At the beginning of 2016, Monaco appointed Claude Makélélé as technical director to assist Vasilyev as well as work with manager Leonardo Jardim and his first-team squad. Upon being appointed, Makélélé said, "My meeting with Vadim Vasilyev was decisive in my decision to join AS Monaco and this project is based on the long term."

In January 2016, Monaco signed Brazilian defender Jemerson from Atlético Mineiro. The 23-year-old signed a five-year contract after the two clubs agreed a fee reported to be in the region of €10 million (£7.6 million). After the agreement was reached, Vasilyev said, "We are very proud to welcome Jemerson, a young Brazilian defender whom we have been tracking regularly. We have a lot of faith in him. He will have the opportunity to develop at AS Monaco, and we are sure he will soon be showing all of his qualities".

In February 2016, at the Globe Soccer Awards for the 2015–16 season, the best deal award made during the two FIFA football transfer windows was presented in Monte Carlo to Vasilyev.

Vasilyev commented on the award: "I am very happy, this prize rewards all the work done for the past three years. We always tried to have better financial performances with good sporting results. I am proud of our Champions League campaign last year, and also of this Ligue 1 season.
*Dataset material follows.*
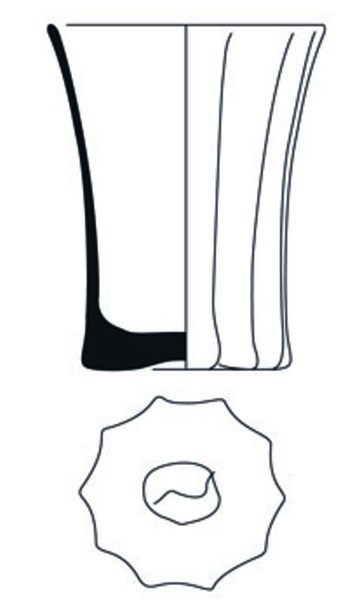 | 4b | dikwandige conische of getailleerde beker met rechte of uitstaande lip, verticale ribben, opgestoken bodem of standvlak (eventueel verlopend naar achtzijdig) met pontilmerk |

I hope we will come back in Champions League next season while maintaining the economic stability of the club".

=== Sacking ===
Vasilyev was sacked by Monaco on 14 February 2019 as a result of their poor form in the 2018-19 Season. Club President Dmitry Rybolovlev justified his removal in a public statement, stating that "It's time for change," he said. "And these changes affect not only the workforce, but also the leaders. So I made a decision that is very hard for me – that of releasing Vadim as vice-president and general manager of the club."